If you'd like to add a column for a particular parameter value, like config_load_options_concurrency
in the example above, you may pass a list of parameters to the --params
flag.
See the --help
output for more options and details.
You can use the included query.py
script to retrieve the results from the benchmark run. Many other usage metrics from tools may have been
uploaded to the OpenSearch database as well, but this script will help you download the relevant llm-load-test metrics so you may
more easily plot and analyze them.
usage: query.py [-h] [--runs RUNS] [--iterations ITERATIONS] [--metric-types METRIC_TYPES] [--params PARAMS] [-o OUTPUT] [--sql]
options:
-h, --help show this help message and exit
--runs RUNS list of run uuids to fetch results for, ex: <uuid-1>,<uuid-2>,<uuid-3>...
--iterations ITERATIONS
list of run iterations to fetch results for, ex: <uuid-1>,<uuid-2>,<uuid-3>...
--metric-types METRIC_TYPES
list of metric types to fetch results for, ex: <name-1>,<name-2>,<name-3>...

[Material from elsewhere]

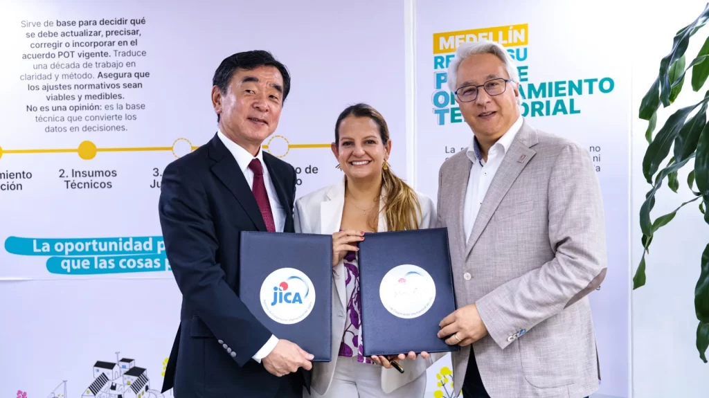 Medellín, formalizó una alianza de cooperación técnica con la Agencia de Cooperación Internacional del Japón (JICA) para promover el Desarrollo Orientado al Transporte (DOT), un modelo urbano que busca concentrar vivienda, comercio, servicios, empleo y espacio público alrededor de estaciones y corredores de transporte público. El acuerdo se firmó mediante el Registro de Discusiones del Proyecto para Promover el Desarrollo Orientado al Transporte y fue suscrito por la Alcaldía de Medellín, la agencia japonesa, el Metro de Medellín, la Alcaldía de Bogotá y el Metro de Bogotá.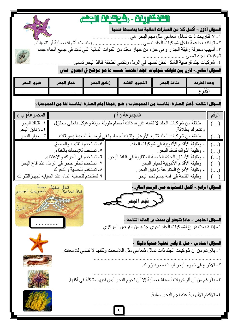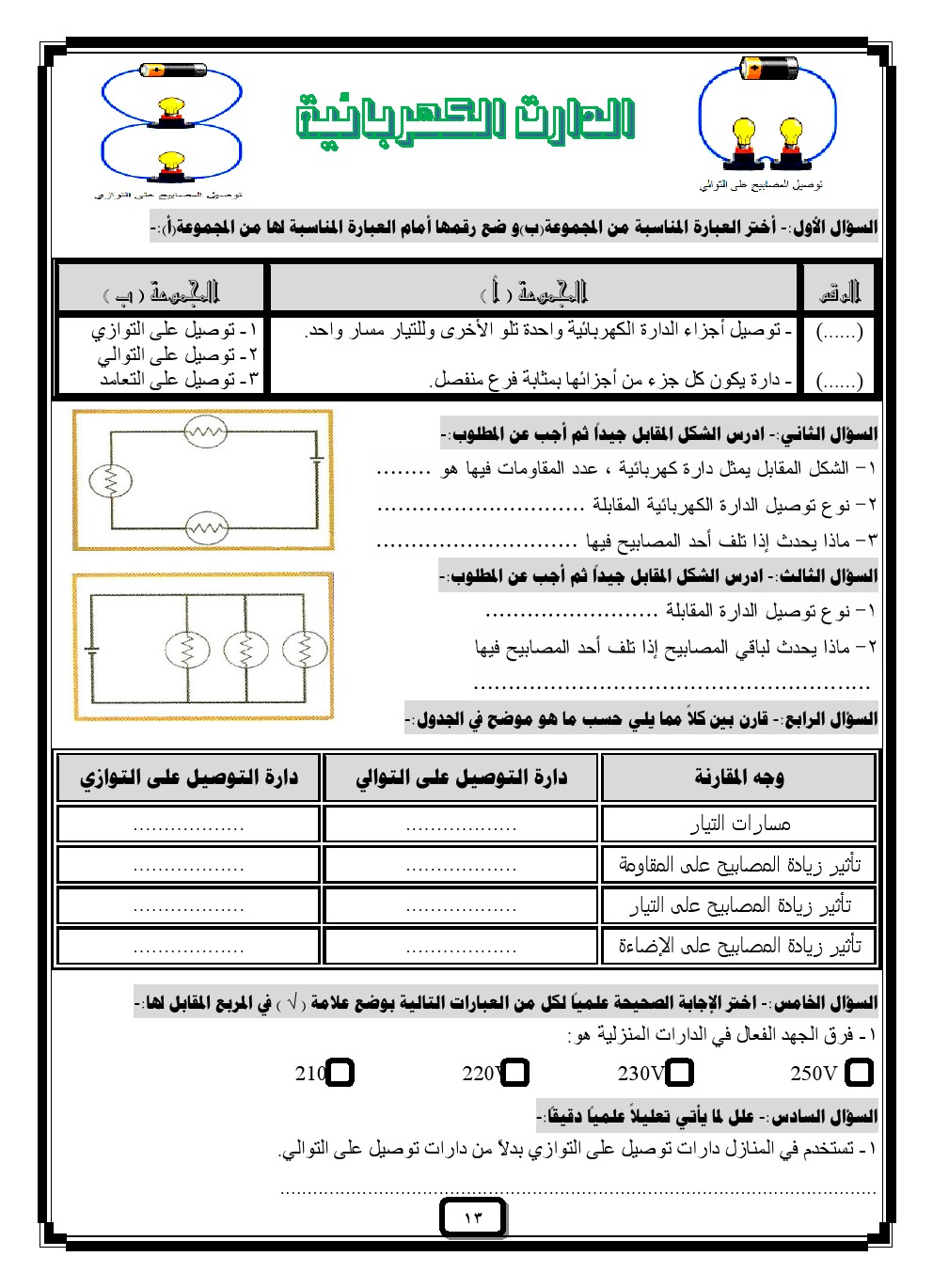 اوراق عمل مهمة في مادة العلوم - إعداد: مدرسة احمد الفارسي | ||

--params PARAMS list of parameters from payload to include with the output
-o OUTPUT, --output OUTPUT
path to create output file, format is determined by file extension. '.json'/'.csv' supported
--sql print the SQL that will run against OpenSearch
- config.yaml.j2: Template file to generate llm-load-test config
- config_convert.py: This script is not used in the benchmark. It is a helper for us to generate
config.yaml.j2
and some other boilerplate from a full llm-load-test config file. - llm-base: Boilerplate for Crucible. This was copied from
bench-ilab
directly. - llm-client: Core script that downloads llm-load-test, templates the config file, and runs llm-load-test.
- llm-get-runtime: Required by Crucible. Simple script that calculates how much time our benchmark will run for. Requests an indefinite runtime.
- llm-load-test-config.yaml: This file is also not directly used in the benchmark. It is used in conjunction with
config_convert.py
to generate a template file and other boilerplate. - llm-post-process: Core script that processes any artifact and generates a CommonDataModel payload. At this point, the only data being considered is the output json file from llm-load-test.
- multiplex.json: Required by Crucible. Allows you to use regex to perform input validation.
- random-but-same: Random bytes to be used as some randomness if needed (not currently used).
- rickshaw.json: Required by Crucible. Tells Crucible where to find your scripts (
llm-client
,llm-post-process
, etc) and any other files you want to copy into the run. - run-llm.json: Used to run and configure your benchmark. It is not a necessary file to make the benchmark work, but a copy with all parameters listed is given here for your convenience. This file is used when running the benchmark
crucible run --from-file run-llm.json
- workshop.json: Required by Crucible. Specifies necessary dependencies to include in the container that will run on the SUT. It is used to install the dependencies required by llm-load-test.